Free-breathing, MOCO cines allow for accurate, reliable RV and LV volumetry in a wide range of infants and children while awake. Equations predicting fit between LV and RV normal values and BSA are reported herein for purposes of creating z scores.
clinicaltrials.gov NCT02892136, Registered 7/21/2016.
儿科 z 分数对于描述生长儿童的心脏大小和结构是必要的,然而,准确的 z 分数计算器的开发需要强大的正常数据集,这在儿童心血管磁共振(CMR)中很难获得。重排重建实时电影的运动校正(MOCO)电影提供了一种自由呼吸、快速采集的方法,可获得具有高空间和时间分辨率的电影。结合儿童友好的定位和娱乐,MOCO 电影技术允许在无需镇静的情况下对所有年龄段的患者进行快速电影体积测量。因此,我们的目的是前瞻性地招募正常婴儿和儿童(出生至 12 岁),以创建和验证描述正常右心室(RV)和左心室(LV)大小的 z 分数计算器。

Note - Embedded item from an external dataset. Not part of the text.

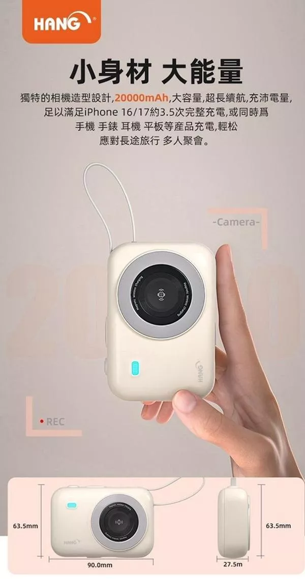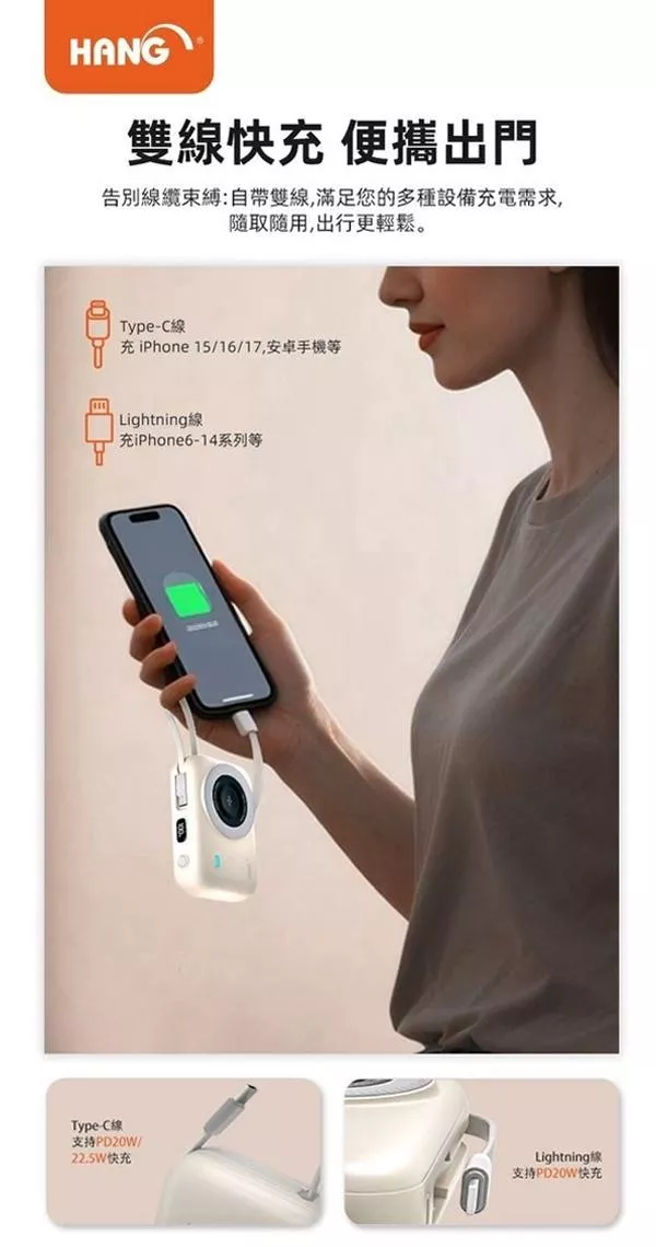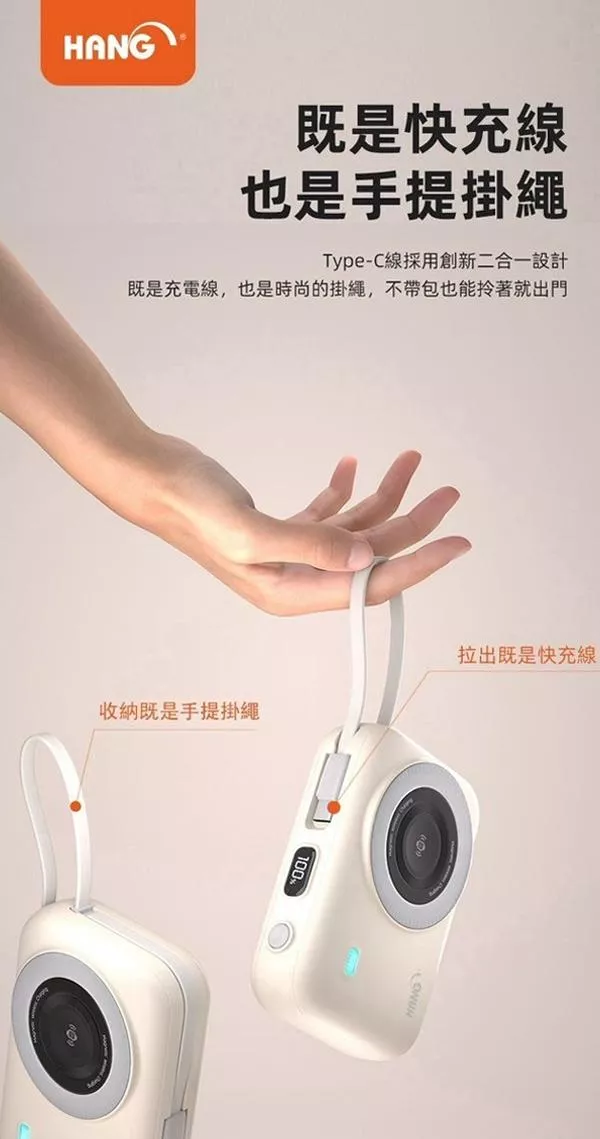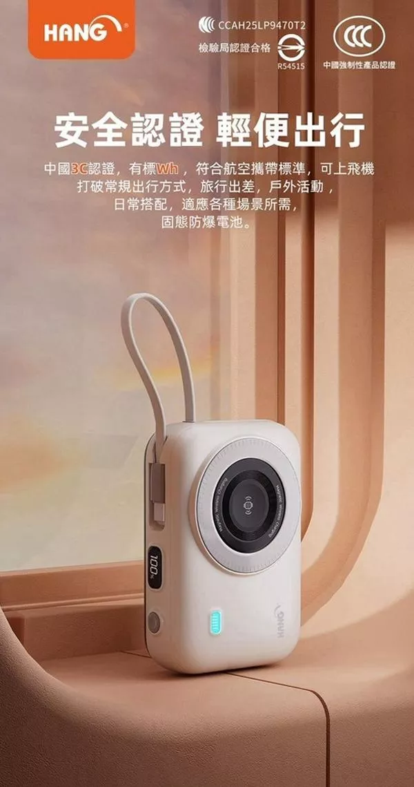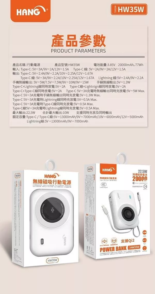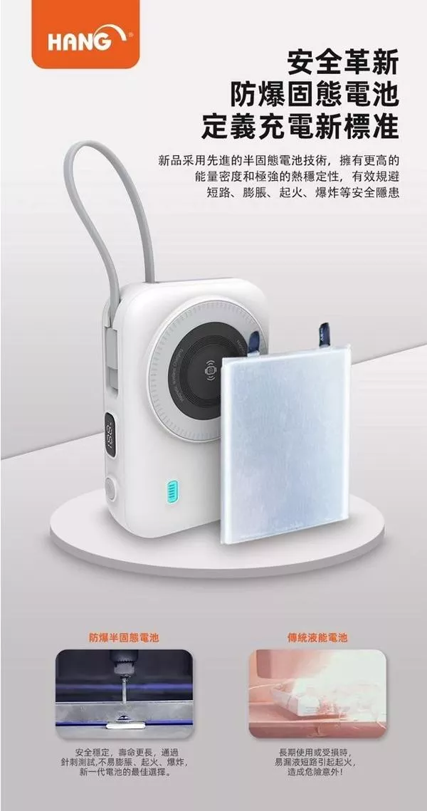 HANG|HW35W 22.5W 固態防爆行動電源 Qi2磁吸充電 20000mAh 自帶線 Wh/CCC認證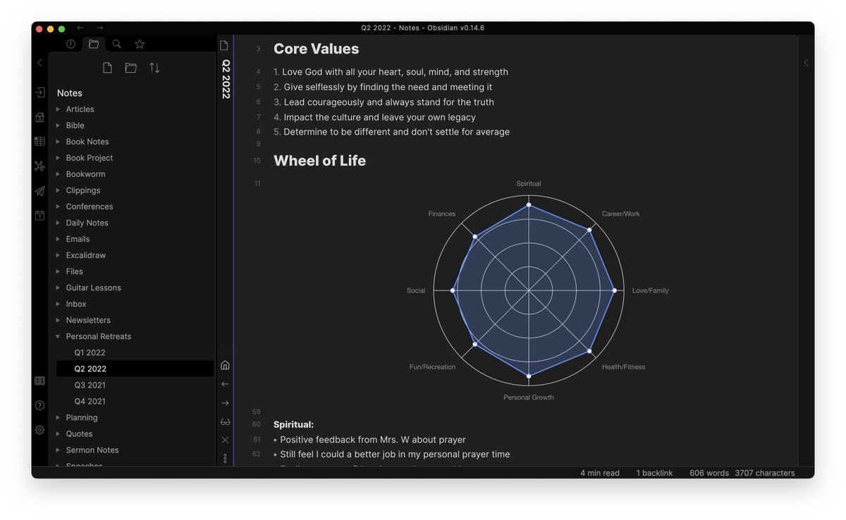 My quarterly personal retreats always bring a ton of clarity. I have a text-based template set up in Obsidian that facilitates my thinking time questions and the Charts View plugin lets me recreate my wheel of life.

在机构审查委员会批准和同意/同意的情况下,149 名正常儿童成功地在 1.5T 扫描仪上进行了短暂的非对比 CMR 检查,包括短轴的 MOCO 电影,并且测量了 RV 和 LV 容积。20%的扫描用于观察者间变异性分析的重新测量。采用广义线性模型(GLM)框架来识别和正确表示基于 CMR 的评估与人体测量数据之间的关系。模型拟合的散点图和 Akaike 信息准则(AIC)结果用于指导在替代模型之间进行选择。
共扫描了 149 名年龄为 22 天至 12 岁(平均 5.1±3.6 岁)的受试者,体表面积(BSA)范围为 0.21-1.63m(平均 0.8±0.35m)。所有 ICC 值均>95%,反映了评分者之间的良好一致性。为数据提供最佳体积测量拟合的模型包括 BSA 作为独立变量,具有更高阶效应和性别。与早期的 z 分数模型相比,在幼儿期早期有重要的额外生长拐点,在后期儿童期有类似的 z 分数预测。
在清醒状态下,自由呼吸的 MOCO 电影可以在广泛的婴儿和儿童中进行准确、可靠的 RV 和 LV 容积测量。此处报告了预测 LV 和 RV 正常值与 BSA 之间拟合的方程,用于创建 z 分数。
clinicaltrials.gov NCT02892136,注册于 2016 年 7 月 21 日。